** Task to carry out **
Note the line containing "Cubic Cosmos бросает"; from it through the last line below, give only those lines again, exactly, both ends included, skipping pictures.

** Dataset extract **
'''

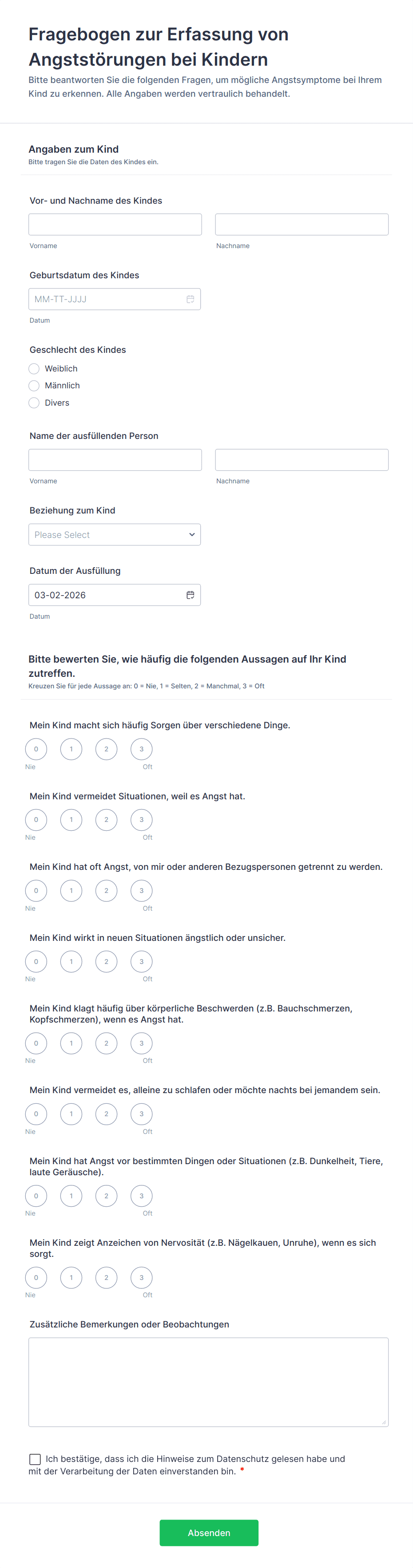 • Psychische Gesundheitsuntersuchungen: Verwenden Sie validierte Skalen (z. B. PHQ-9, GAD-7) und eine sensible Fragelogik.
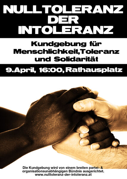 Ins Leben gerufen wurde die Veranstaltung über die Facebook-Gruppe „‘Nulltoleranz-der-Intoleranz‘-Kundgebung 9.4.“, der mittlerweile über 420 UnterstützerInnen angehören.
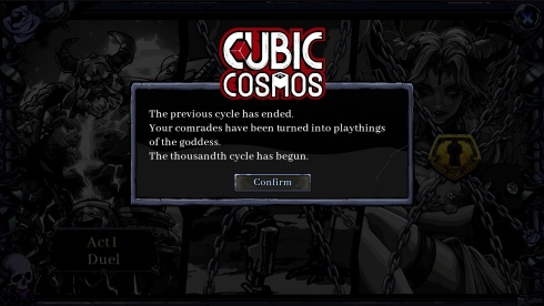 Cubic Cosmos бросает бойцов в смертельное состязание, организованное богиней. Основная задача — разорвать бесконечный цикл испытаний. Игровой процесс совмещает составление колоды в жанре roguelike с пошаговой тактикой, содержащей элементы tower defense. Геймеры формируют армию пешек и выставляют их на поле боя для противостояния вражеским силам. Выживание зависит от расстановки юнитов и грамотного применения уникальной карточной колоды, а провал превращает персонажа в забаву для божества.
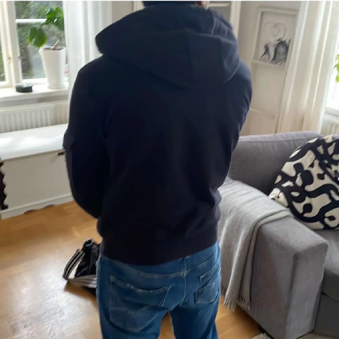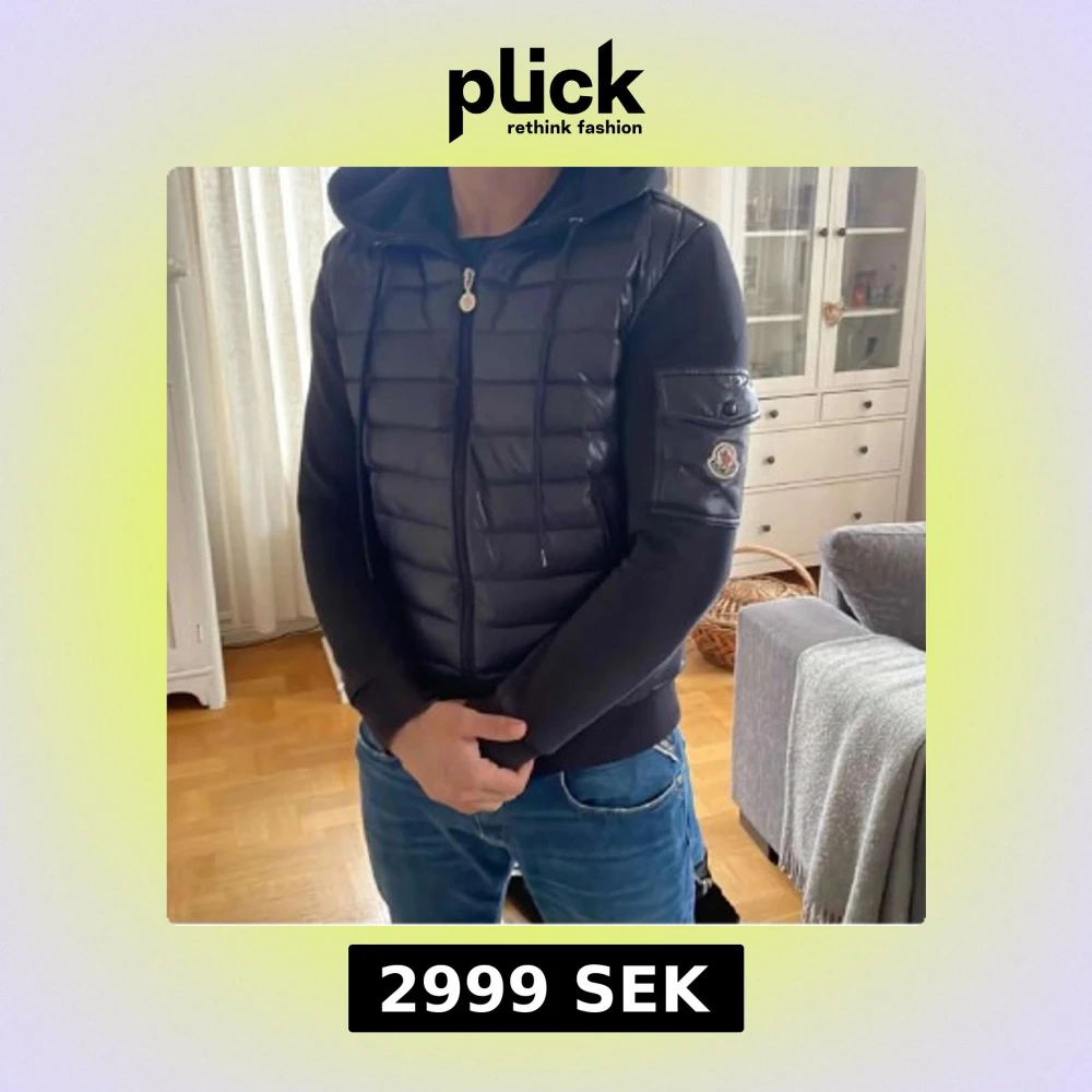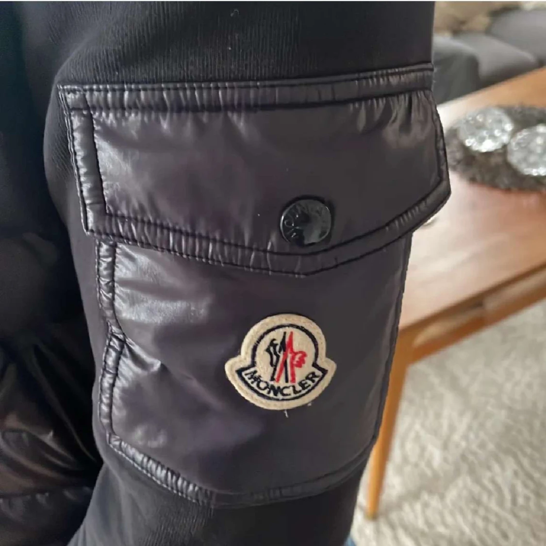Säljer en snygg svart jacka från Moncler med quiltad design och dragkedja. Jackan har en huva och en ficka med knappdetalj på ärmen. Perfekt för kyligare dagar. Och kan byta
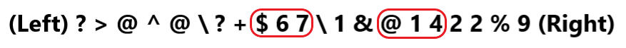 (Left) 7 & 9 ^ # 1 * 5 ≺ 2 6 ≡ 4 ∆ 3 $ @ 8 (Right)
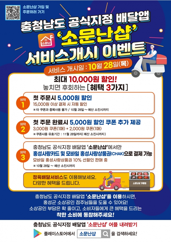 홍성군이 28일부터 충남형 배달앱 ‘소문난 샵’서비스를 시작한다.

'''

** Answer to this task **
 Cubic Cosmos бросает бойцов в смертельное состязание, организованное богиней. Основная задача — разорвать бесконечный цикл испытаний. Игровой процесс совмещает составление колоды в жанре roguelike с пошаговой тактикой, содержащей элементы tower defense. Геймеры формируют армию пешек и выставляют их на поле боя для противостояния вражеским силам. Выживание зависит от расстановки юнитов и грамотного применения уникальной карточной колоды, а провал превращает персонажа в забаву для божества.
Säljer en snygg svart jacka från Moncler med quiltad design och dragkedja. Jackan har en huva och en ficka med knappdetalj på ärmen. Perfekt för kyligare dagar. Och kan byta
 (Left) 7 & 9 ^ # 1 * 5 ≺ 2 6 ≡ 4 ∆ 3 $ @ 8 (Right)
 홍성군이 28일부터 충남형 배달앱 ‘소문난 샵’서비스를 시작한다.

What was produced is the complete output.